Last year, Sharp announced an investment agreement then valued at about US$800 million with Hon Hai, which makes Apple products in China, but the deal stalled as the Japanese firm’s share price nosedived.
Months of speculation over the fate of the deal followed as cash-strapped Sharp sought out other investors, including US-based chipmaker Qualcomm Inc and South Korean rival Samsung Electronics Co.
Sharp confirmed the agreement — which would have given Hon Hai nearly 10 percent of the firm — was dead as yesterday’s deadline passed.
Sharp said the pact faltered because it could not win approval from the “relevant authorities,” without elaborating.
The firm, which is struggling to repair a tattered balance sheet, said it was “examining the possibility of other ways of funding due to the unfulfillment of this payment.”
Like rivals Sony Corp and Panasonic Corp, the maker of Aquos-brand electronics has been hammered by credit rating downgrades and record losses, which saw the century-old firm warn about its own survival last year.
Sharp has embarked on a painful restructuring, including thousands of job cuts and slashed wages from the factory floor to the boardroom.
It also said it would put up real-estate as collateral for desperately needed bank loans, including its Osaka headquarters.
Sharp and Hon Hai would continue discussing tie-ups, which may or may not include a share sale to the Taiwanese company under different terms, Sharp spokeswoman Miyuki Nakayama said.
Hon Hai yesterday said the company would continue to negotiate with Sharp to secure a 9.9 percent stake in the Japanese company as agreed during an high-ranking executive meeting on Sunday. After five hours of discussion, the companies agreed that their cooperation would continue, Hon Hai said in a filing to the Taiwan Stock Exchange.
Hon Hai said the investment contract, which Hon Hai and Sharp inked on March 26 last year, is valid for three years, meaning the last deadline would be March 26, 2015, the filing showed.

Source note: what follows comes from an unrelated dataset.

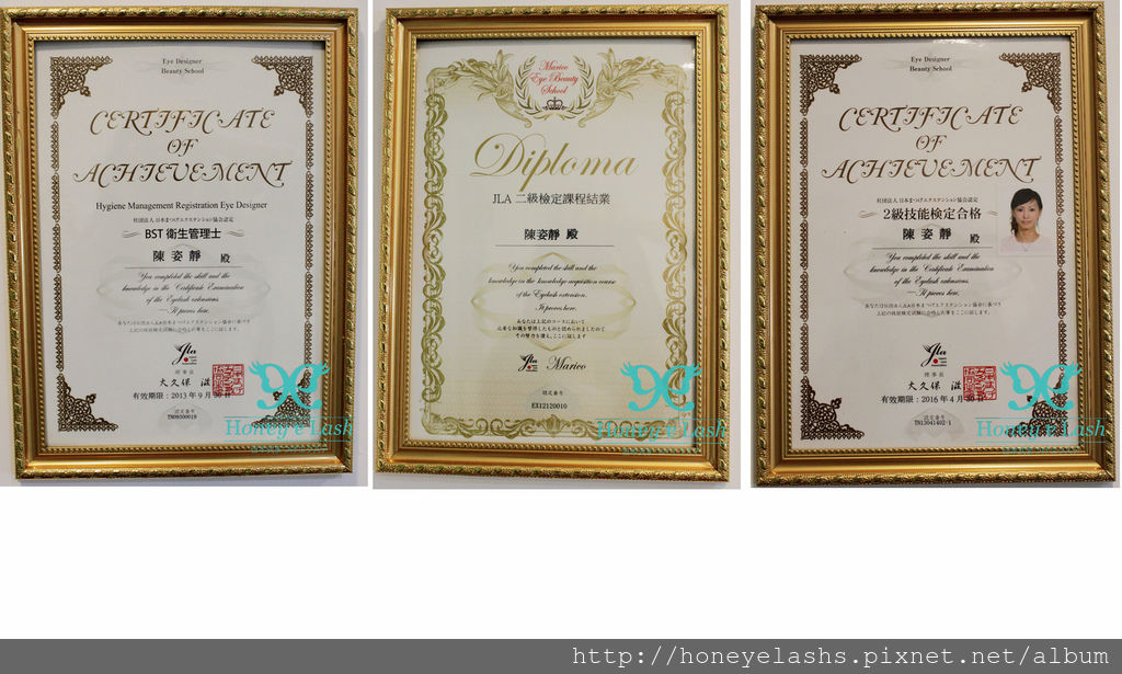 ★社団法人日本まつげエクステンション協会二級檢定課程結業 証。
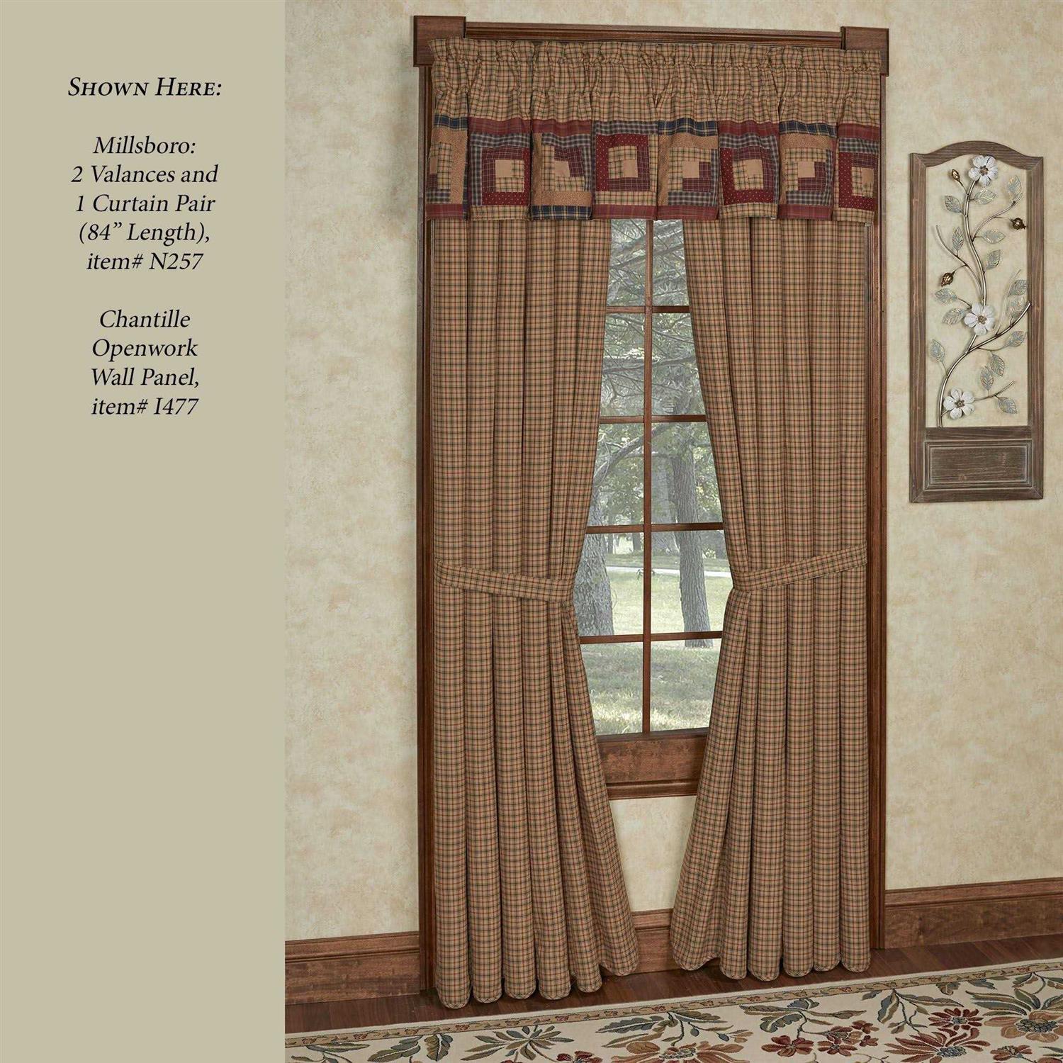 The Millsboro luxury king quilt set includes one luxury king quilt, two king shams and one king bedskirt. The quilt measures 120″W x 105″L and features a patchwork log cabin block pattern. It has a 100% cotton shell and fill and is hand-quilted with “stitch in the ditch” quilting. A variety of fabrics include burgundy, tan and navy plaids and other small patterns. The king shams each measure 21″ x 37″ and the bedskirt measures 80″ x 78″ with a 16″ drop. These items are imported. Please note, colors may appear differently in different resolutions and on different computers. Machine wash, gentle cycle. From The Victorian Heart Collection made by VHC Brands.

In addition, Hon Hai said it has discussed with Sharp buying a 9.9 percent share in Sharp at the market price, rather than ¥550 as agreed on March 26 last year. Hon Hai also proposed closing the deal within three months after obtaining the support of Sharp’s creditor banks.
Based on the contract signed last year, Hon Hai hoped to seek the support of banks and has requested them to send representatives to join the management team in an effort to revive the Japanese company, the Hon Hai statement said.